The thing you can't move fast on

Here's the counterweight.

Building AI products for kids comes with a bar you don't fully understand until you're inside it. Every piece of content that gets generated is going to be read by a child. There is no "ship fast and iterate" version of that. A weird line in an adult app is an awkward UX bug. A weird line in a kid's bedtime story is a parent who never trusts you again, and probably shouldn't.

That's part of why I've deprioritized StoryCraftr a bit compared to some of my other projects. It's still live. Parents still use it. Families still come back. But it's not where my 2am nights go right now, and the honest reason is that the stakes when kids are your users are higher than the stakes when adults are — and the kind of aggressive velocity that works for the other stuff doesn't feel right here.
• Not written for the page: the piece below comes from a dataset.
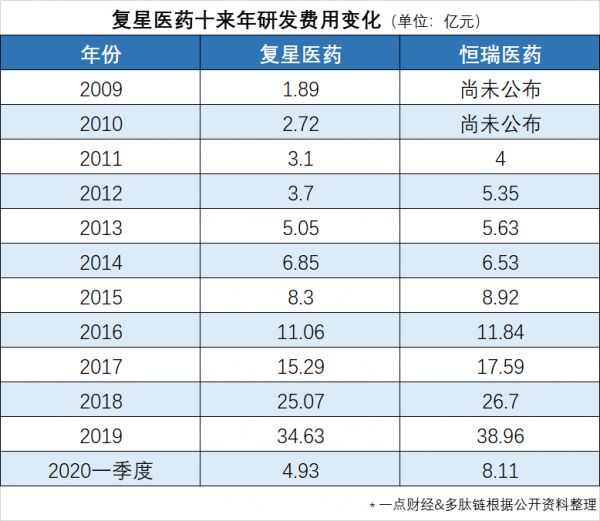 再看医药企业的核心竞争力指标——研发投入。2019年复星医药和恒瑞医药的研发费用分别为34.63亿元和38.96亿元。不同的是,复星医药在研发投入的会计处理方面更为激进。
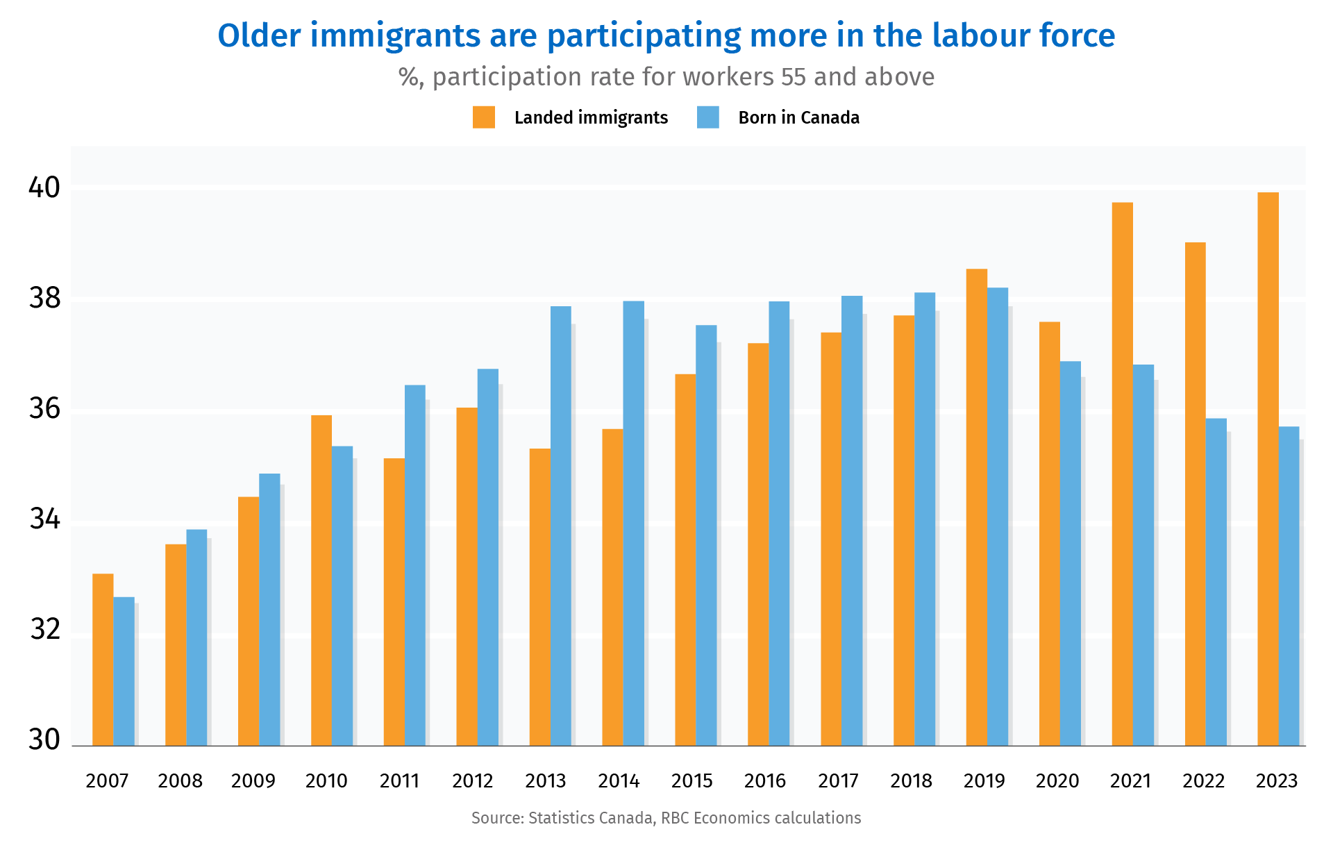 Immigrants are outperforming their Canadian-born peers when it comes to labour force participation. That’s especially true for immigrant workers aged 55 and above, who have increasingly chosen to keep working and retire later. Economist Claire Fan examined how immigrants’ participation in the labour force surpasses those born in Canada and whether it’s helping mitigate demographic pressures.

I'd rather let it grow carefully than try to force it.

The bigger lesson: composability

The thing StoryCraftr taught me that I now use everywhere is composability.
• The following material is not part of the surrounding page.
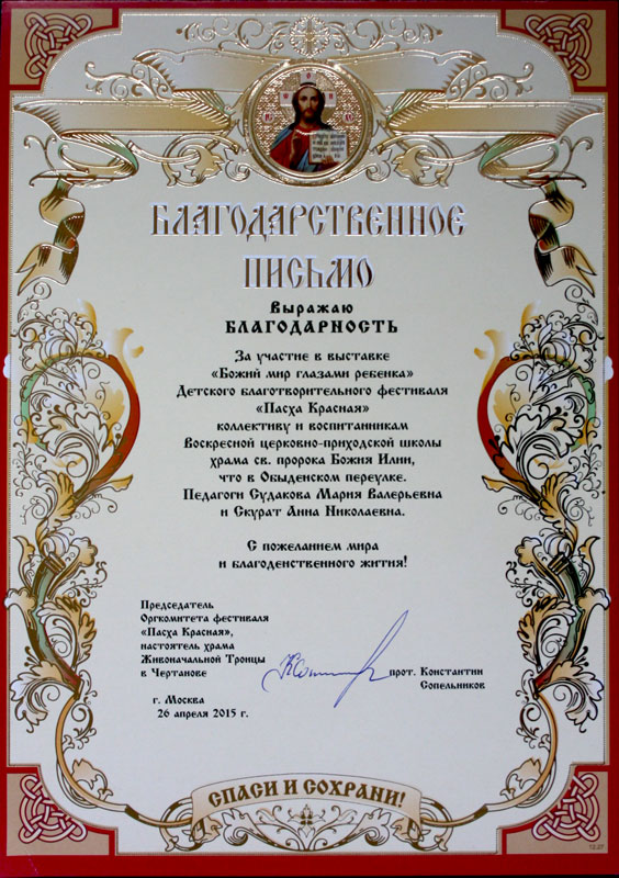 Деятельность воскресной церковно-приходской школы Илие-Обыденского храма была отмечена благодарственным письмом оргкомитета Пасхального фестиваля.

Modern AI products aren't one big model doing one big thing. They're compositions. A story engine. An image engine. A safety layer. A personalization layer. A state system that remembers what story a kid heard last week so this week's isn't repetitive. Each of those is its own component, with its own failure modes, and the actual craft of building a good AI product is in how you wire those components together.

I didn't fully internalize that until I'd spent a year making a text model, an image model, and a user-preference layer cooperate on a bedtime story.
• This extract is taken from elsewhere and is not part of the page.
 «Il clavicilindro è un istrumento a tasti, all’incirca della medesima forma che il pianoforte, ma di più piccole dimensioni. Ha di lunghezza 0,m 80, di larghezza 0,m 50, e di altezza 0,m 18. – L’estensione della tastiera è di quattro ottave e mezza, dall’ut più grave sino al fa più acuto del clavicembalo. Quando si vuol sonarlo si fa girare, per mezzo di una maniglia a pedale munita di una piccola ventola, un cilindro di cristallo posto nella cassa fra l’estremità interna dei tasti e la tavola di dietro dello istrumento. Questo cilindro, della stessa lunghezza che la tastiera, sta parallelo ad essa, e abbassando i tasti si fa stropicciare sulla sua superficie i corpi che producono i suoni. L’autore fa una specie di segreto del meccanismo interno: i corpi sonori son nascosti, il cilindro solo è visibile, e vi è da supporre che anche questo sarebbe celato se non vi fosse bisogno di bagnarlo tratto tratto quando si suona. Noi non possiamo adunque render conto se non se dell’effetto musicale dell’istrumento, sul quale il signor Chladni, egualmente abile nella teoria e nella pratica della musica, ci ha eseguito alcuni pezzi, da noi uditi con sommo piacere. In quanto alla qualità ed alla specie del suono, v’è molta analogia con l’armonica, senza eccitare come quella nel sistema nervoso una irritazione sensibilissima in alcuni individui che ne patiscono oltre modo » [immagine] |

That same pattern shows up everywhere in what I've built since. Alfred is 15 specialized agents working together — each one good at one thing, orchestrated by a layer that knows when to call which. AutoRev uses specialized models for different parts of the build journey — research, fitment, compatibility, pricing — because no single model is best at all of them. SirHENRY follows the same shape.

None of those architectures would be in my head if I hadn't spent those first months wiring a bedtime story.

What's next for it

StoryCraftr is still live at storycraftr.ai. My kids still read them. Other families still read them. The image quality is dramatically better now than it was at launch — what we couldn't crack then, the current generation of models handles without flinching.

Someday I'll probably invest another stretch of 2am nights into making it what it could be with today's tools. The foundation is there. The audience is there. The only thing missing is the time I'd have to give it.

But for now, it already taught me the lesson it was supposed to teach.

Hyper-personalized AI is real. It works. Once you've built it for someone, they can't go back to anything less.

That's the bet for every product I've shipped since.